Chapter 55
Chapter 55
Shen was sitting at the end of the stone peers when Loxy joined him. He acknowledged her presence
with a dopey smile, like someone who had been smoking a week’s worth of cannabis- minus the
paranoia. When it came to cannabis, Jon would claim to be unaffected, except for the munchies. The
truth of it for him was more complex. This wasn’t cannabis- but it felt similar in some ways.
“You doing okay?” TL asked.
“Yeah, I am great,” Shen asked. “How are you?”
“Fuck, you’re still high as a kite,” TL said.
“No, no,” Shen said. “I am just sitting here resting my bones, this loneliness won’t leave me alone…”
“Well, come on, Otis,” TL said. “We’re ready to head out.”
“Oh,” Shen said. He stood. “I should go say goodbye.”
“What?”
“I am going to stay here,” Shen said.
“The hell you are,” TL said.
“I have gone two thousand miles just to make this dock my home,” Shen said.
TL snapped her fingers in front of his face. “Wake the fuck up, Jon. You’re not a Jedi. You’re not going
to tame that beast.”
“She’s lonely,” Shen said.
“Loneliness is an illusion,” TL said.
“A deadly one. I can help her,” Shen said.
“Help yourself first,” TL said.
“She loves me,” Shen said.
“She wants to eat you!” TL said.
“Oh, it’s mutual then,” Shen said.
TL slapped him. “Snap out of it.”
“You seem angry,” Shen said.
“Getting there,” TL said.
“There is a gate in Sinter that can take me home,” Shen said. “We could go home. I need her to get
there. I need her to operate the gate.”
“She lied,” TL said.
Shen seem confused. “Why would she lie to me?”
Loxy rolled eyes heavenward. “Seriously? Because she wants you dead,” TL said.
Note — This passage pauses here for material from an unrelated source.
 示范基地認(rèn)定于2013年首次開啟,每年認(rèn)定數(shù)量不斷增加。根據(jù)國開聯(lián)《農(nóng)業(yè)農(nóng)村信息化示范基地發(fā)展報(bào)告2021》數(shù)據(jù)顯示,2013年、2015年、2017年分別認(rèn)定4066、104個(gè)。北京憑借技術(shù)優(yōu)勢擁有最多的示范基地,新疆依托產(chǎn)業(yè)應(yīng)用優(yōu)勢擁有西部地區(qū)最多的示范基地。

“I can’t die,” Shen said. “I am immortal.”
“What?”
“Think about all the worlds we’ve been in together,” Shen said. “All the past lives. Me, but not me. Here,
but not here. She can’t hurt me. No one can hurt me.”
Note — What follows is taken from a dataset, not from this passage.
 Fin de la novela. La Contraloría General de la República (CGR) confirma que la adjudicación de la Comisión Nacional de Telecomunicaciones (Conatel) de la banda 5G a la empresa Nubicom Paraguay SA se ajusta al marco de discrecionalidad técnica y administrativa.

Loxy grabbed him by the shirt, and before he knew it, he was laying on his back and she was on top of
him, knee pushing into his chest. She held his uniform tightly, commanding it to constrict. Landing on
his back had taken out his air. He couldn’t expand his lungs. He couldn’t move his limbs. His eyes
widened, but there was confusion on why he couldn’t breathe.
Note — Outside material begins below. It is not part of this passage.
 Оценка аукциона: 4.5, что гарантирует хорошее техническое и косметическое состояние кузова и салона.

“Do I have your attention now? You can die. You are not immortal,” TL said. She looked deeper into his
eyes. “Back off, Jazmyne. You have no authority here.” They both hear a whispery voice respond: ‘if I
can’t have him, no one cane. Jon, Shen I love you to death…’ “Jon!” TL shouted over the whisper.
“Step up. 3, 2, 1… Now!” She snapped her fingers.
Shen’s eyes focused. There was fear. He couldn’t gasp. TL eased up her grip, allowing him to breathe.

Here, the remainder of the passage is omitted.